I'm of the opinion that tire and fork compliance is more important than the frame for ride quality. That said, I used to own an '01 LS Tuscany which shares many of the same tubes, such as the all important down tube, with the Majestic. Overall, the ride seemed good but not anything outstanding. The down tube is ovalized vertically which resists vertical flexing - not a good thing for ride quality unless you prefer a firm front end for bombing down hills. 

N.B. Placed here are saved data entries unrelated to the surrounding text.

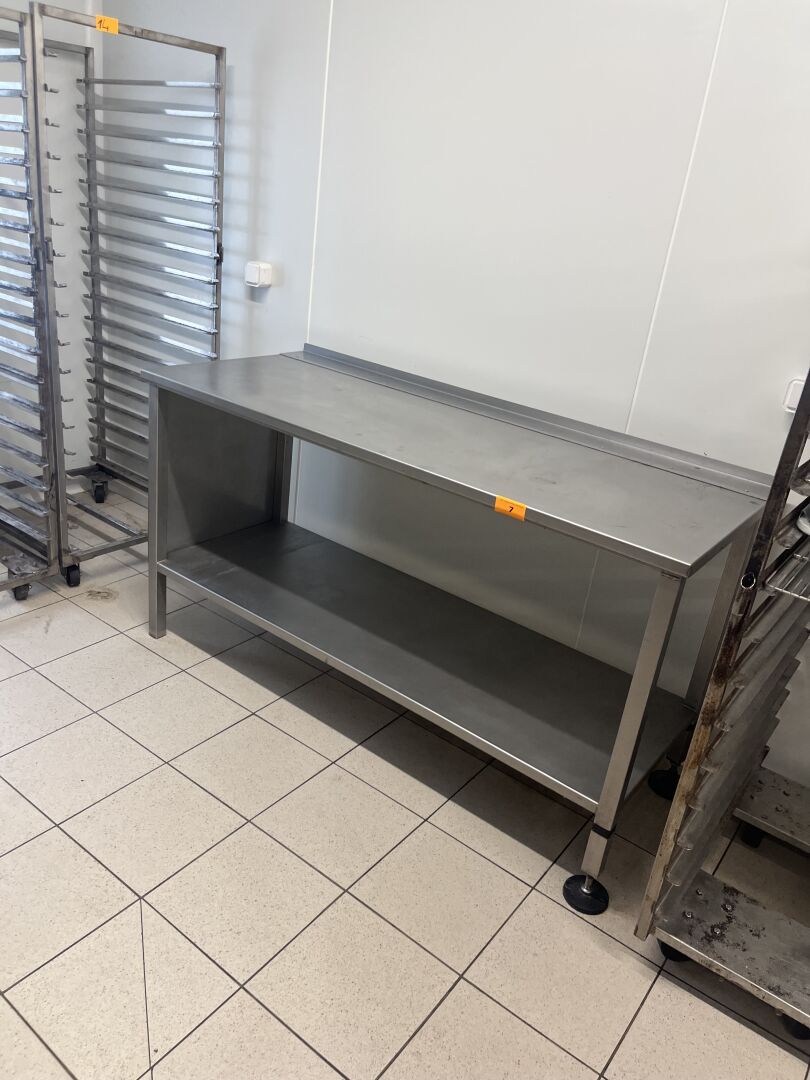 Table inox avec dosseret et tablette d'entrejambe,
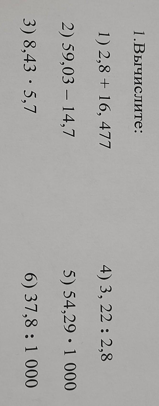1.Вычислите: 1) 2,8 + 16, 477 4) 3, 22 : 2,8 2) 59,03 - 14,7 - 5) 54,29. 1 000 3) 8,43 · 5,7 . 6) 37,8:1 000
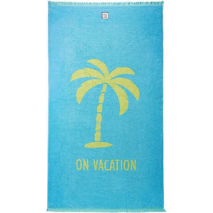 On Vacation Strandhanddoek, XXL, 100 x 180 cm, groot, blauw, lichtblauw, 100% katoen, gecertificeerd, duurzaam geproduceerd in Portugal
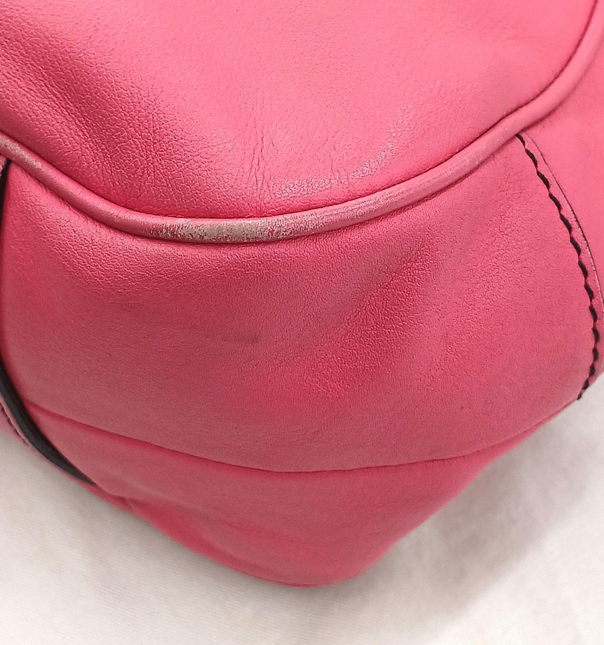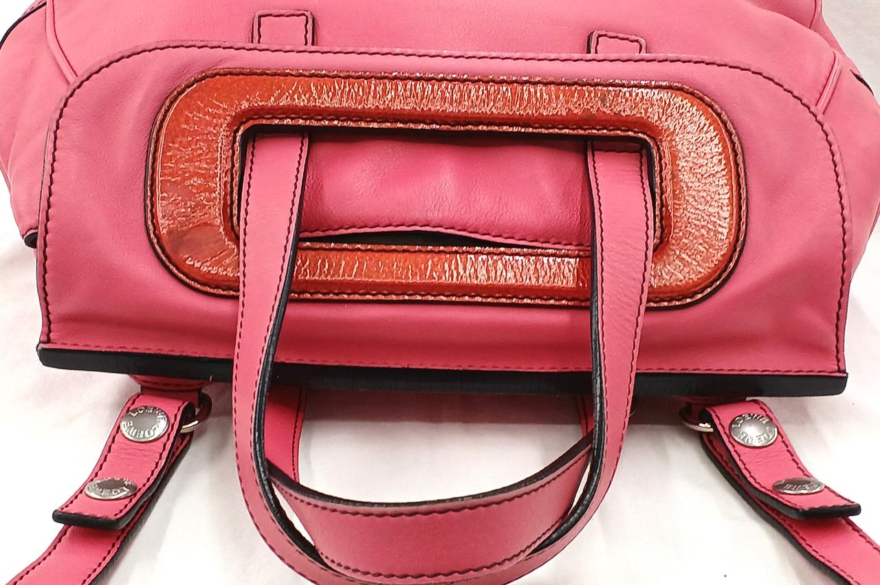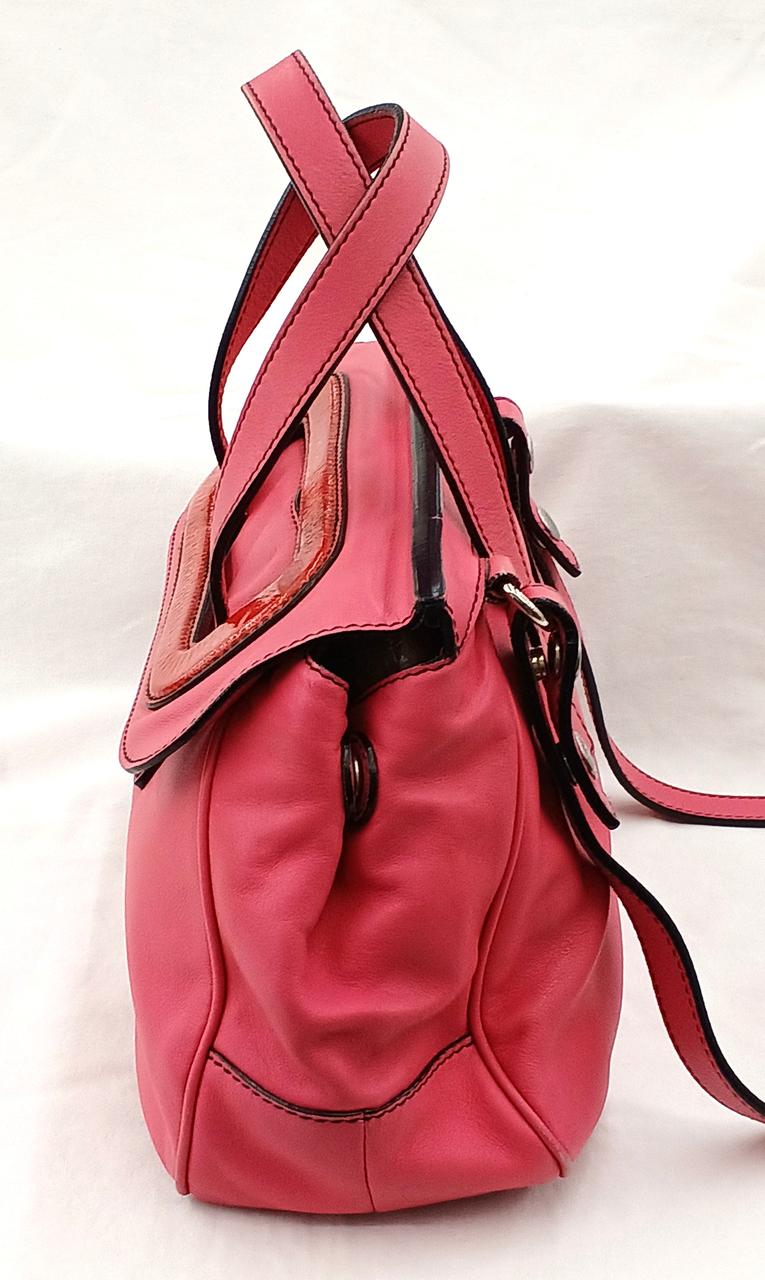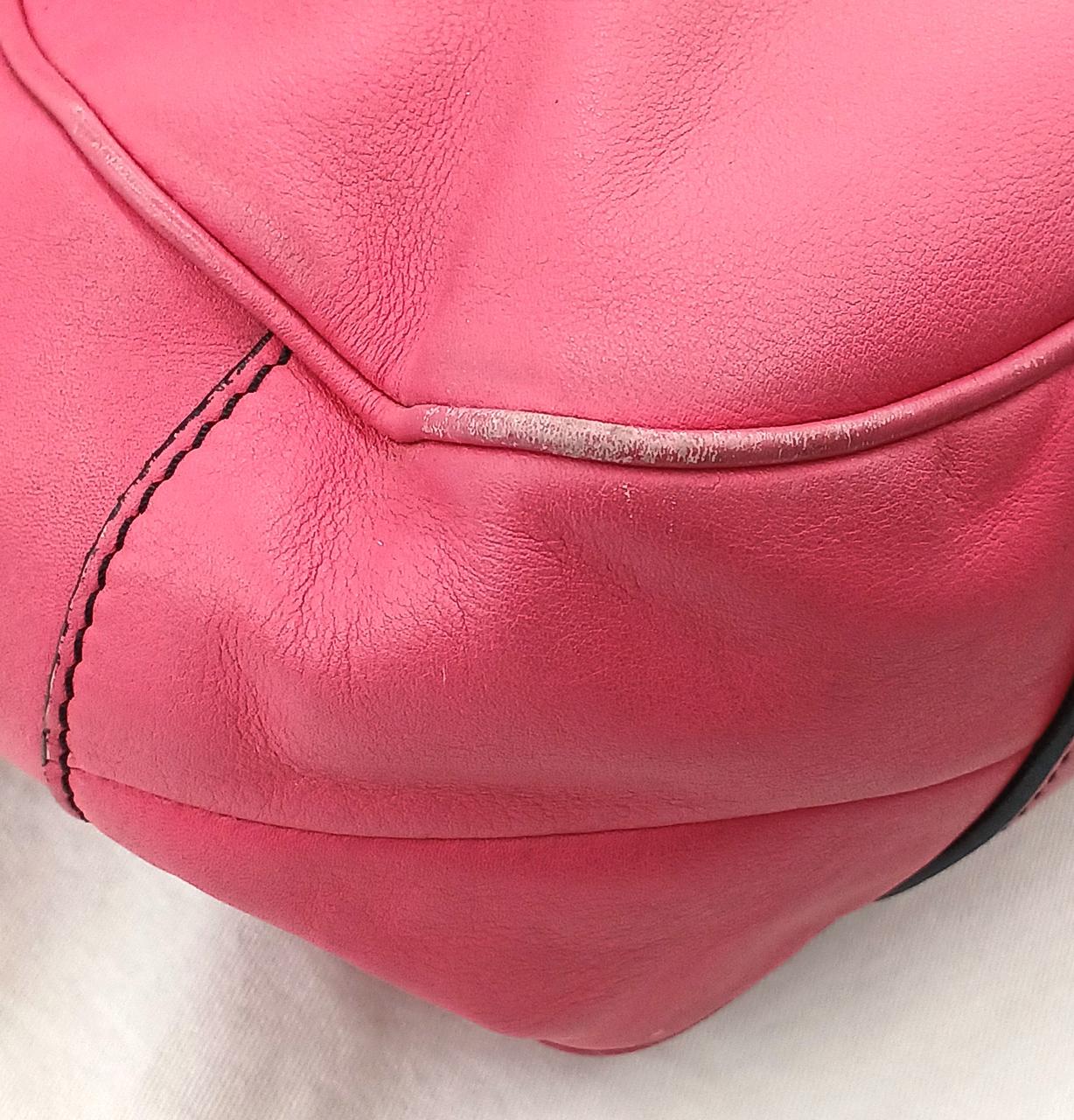 外側…角擦れや各部に細かい傷/汚れがあります。ショルダーストラップ端部に一部劣化ぎあります。また開閉部のエナメル部分に汚れや若干のベタつきがあります。 |
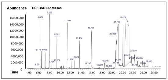 The results from the GC-MS analysis configured unknown compounds which were identified by comparing the spectra with that of the NIST 2008 (Table 1 and Table 2, Figure 2 and Figure 3). The total time required for analyzing a single sample was 29 min. The bioflavonoids and/or bioactive constituents were shown in Table 1 and Table 2. The data from BSO analysis in Table 1 showed a good amount of thymoquinone, which was eluted at 11.19 min. In addition, BSO comprised isoborneol, which has antiviral and antioxidant properties and is a potent inhibitor of herpes simplex virus [19]. BSO was also rich in paeonol, which is a pharmacologically active constituent that possesses anti-inflammatory, antibacterial, and analgesic activities.
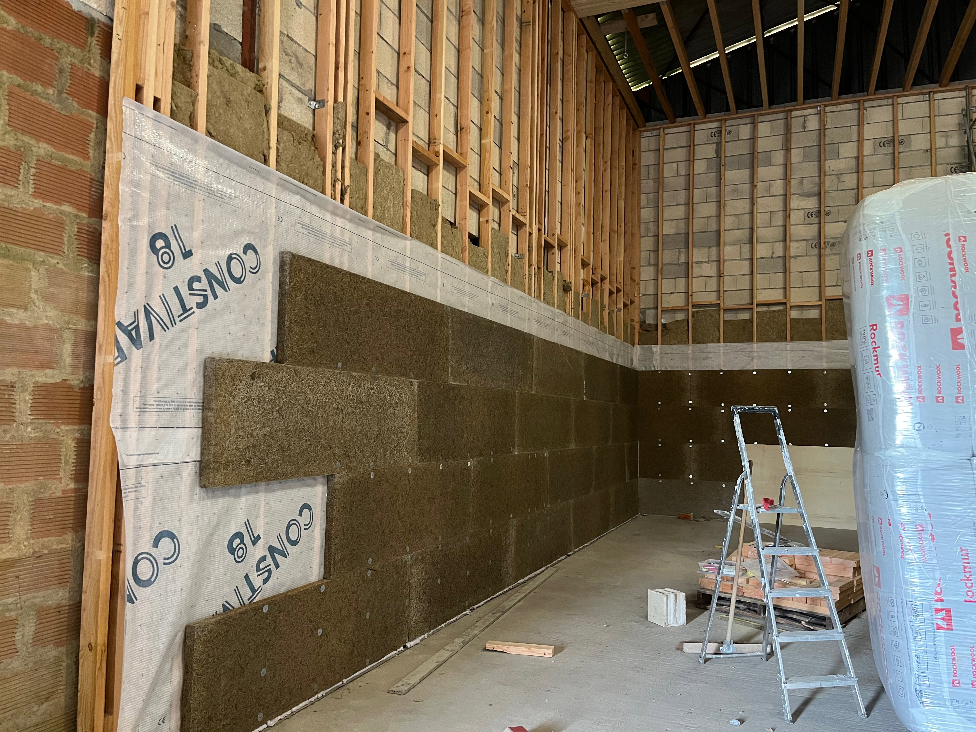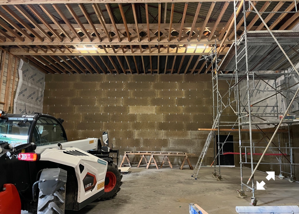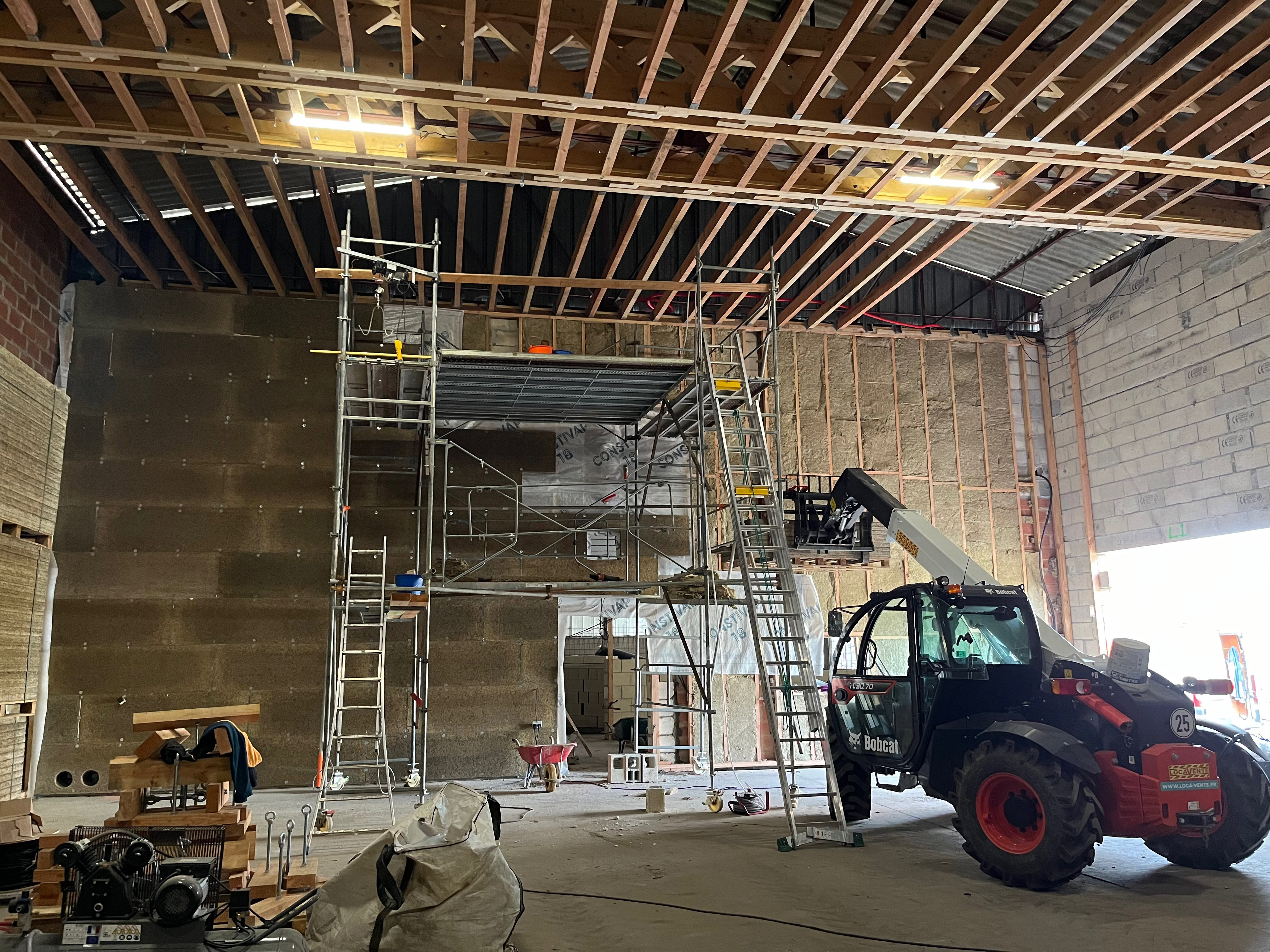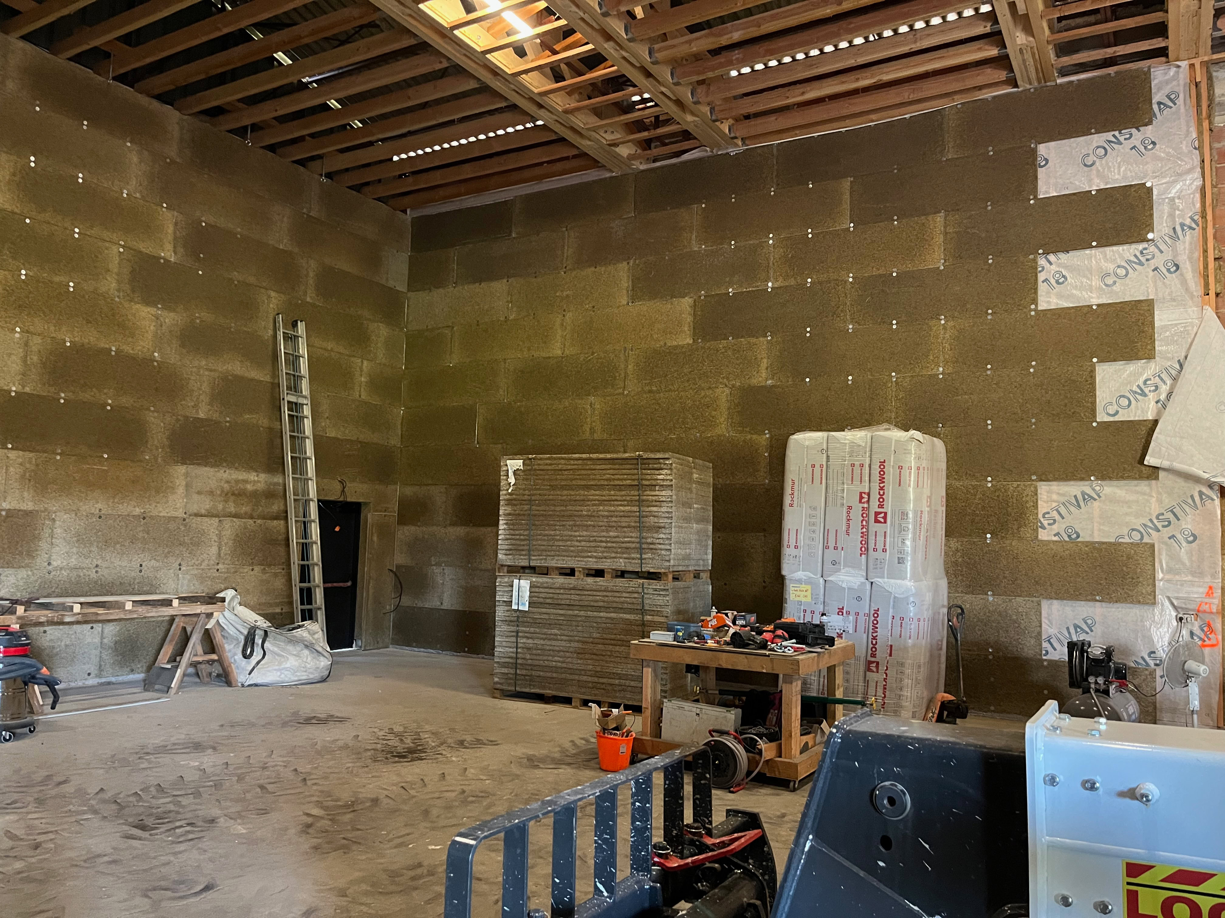 Pose terminée du Fibralith à l’angle nord-ouest. On observe à droite de l’angle l’emplacement de la porte principale (180 x 220 cm), à gauche de l’angle la lance de sécurité incendie. 22 novembre 2024
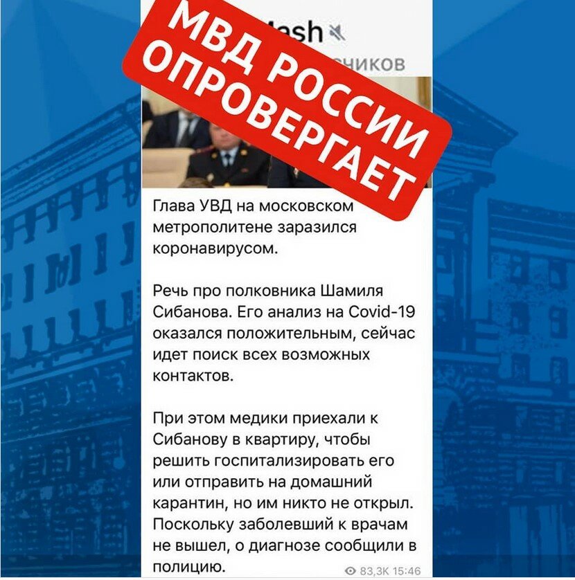 Информация, размещённая в сети Интернет о том, что начальник УВД на Московском метрополитене болен коронавирусом не соответствует действительности. 22 апреля тест показал отрицательный результат.
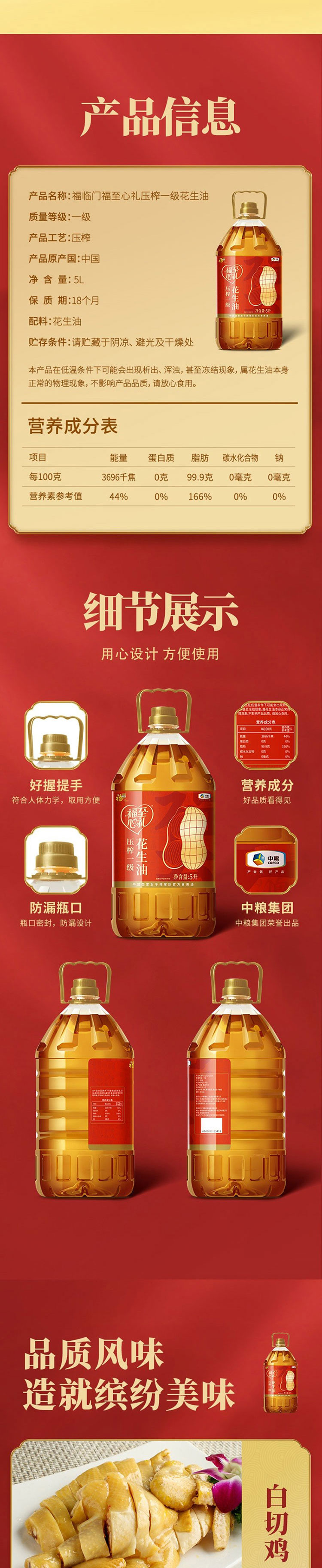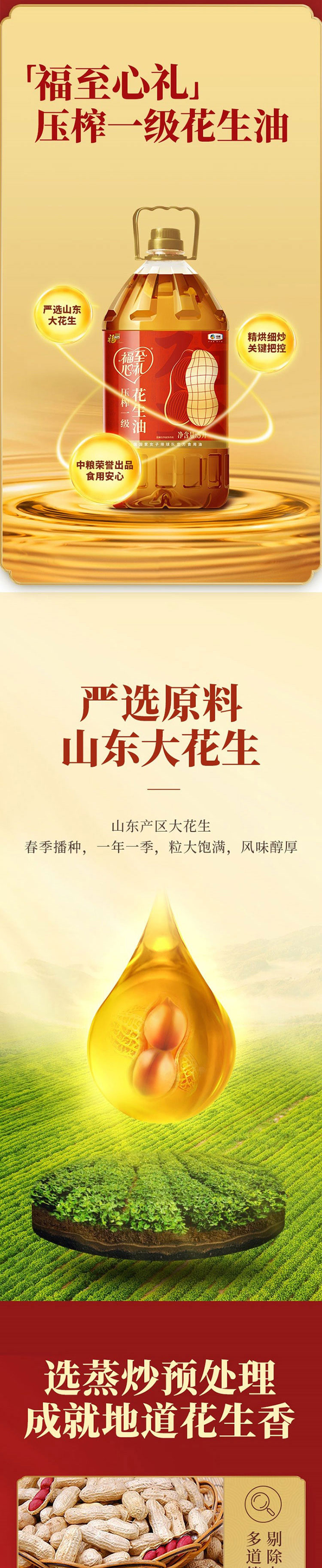 福临门 福至心礼压榨一级花生油 5L

My vote for a smooth riding frame would be something with a 1-3/8" down tube like a LS Classic or Lemond Ti (Majestic uses a 1-1/2" down tube). Also make sure to pick a smooth fork like a Look HSC3 or similar. 

Good luck.

Ed


----------



## MerckxMad (Jan 22, 2004)

*I like my Majestic for long rides*

I traded in my LS Classic for a Merckx Majestic over the winter. I wanted Merckx Century Geometry, which fits me best for long rides. I've not worked up to a full century yet, but the Majestic feels right and comfy for my aging and overwieght carcas. I've done two metric centuries on it, and I've been real happy with the Majestic and OP wheelset. I've taken my Giant TCR out on some long, slow, hilly rides, and it's a toss-up for me on comfort. The TCR does soak up the bumps well, but the fit is just not the same as the Merckx. I'm a big'un and I've never really noticed frame flex, but then again I'm not doing many sprints these days. I guess test rides are the only way to evaluate the difference. Good luck.


----------



## IGotNuthin' (Feb 20, 2004)

I did the same this month! Sold my 2001 Classic frame & Reynolds fork for a 2004 Majestic Frame and Reynolds fork on e-bay brand new for $1200!!! Building it up this week! I wonder how many of these Majestics have been produced?






MerckxMad said:


> I traded in my LS Classic for a Merckx Majestic over the winter. I wanted Merckx Century Geometry, which fits me best for long rides. I've not worked up to a full century yet, but the Majestic feels right and comfy for my aging and overwieght carcas. I've done two metric centuries on it, and I've been real happy with the Majestic and OP wheelset. I've taken my Giant TCR out on some long, slow, hilly rides, and it's a toss-up for me on comfort. The TCR does soak up the bumps well, but the fit is just not the same as the Merckx. I'm a big'un and I've never really noticed frame flex, but then again I'm not doing many sprints these days. I guess test rides are the only way to evaluate the difference. Good luck.


----------



## JoeH (Mar 25, 2004)

*Merckx Majestic*

Sounds like you got yourself a very good deal on a most excellent frame. Not sure how many of these babies were made. Bought mine in June of this yr. from GVH bikes online. Outfitted with Ultegra (double), 12/27, Open Pro Wheels, Continental tires, Cinelli VGroove stem and handlebar, and TransAM Selle Italia saddle. Great ride. This is now my #1 bike. Very happy with my choice. Titanium is forever. Bike comes in sub 19 lbs. but I'm not racing just riding. Good Luck. Let me know what your setup is.
JoeH


----------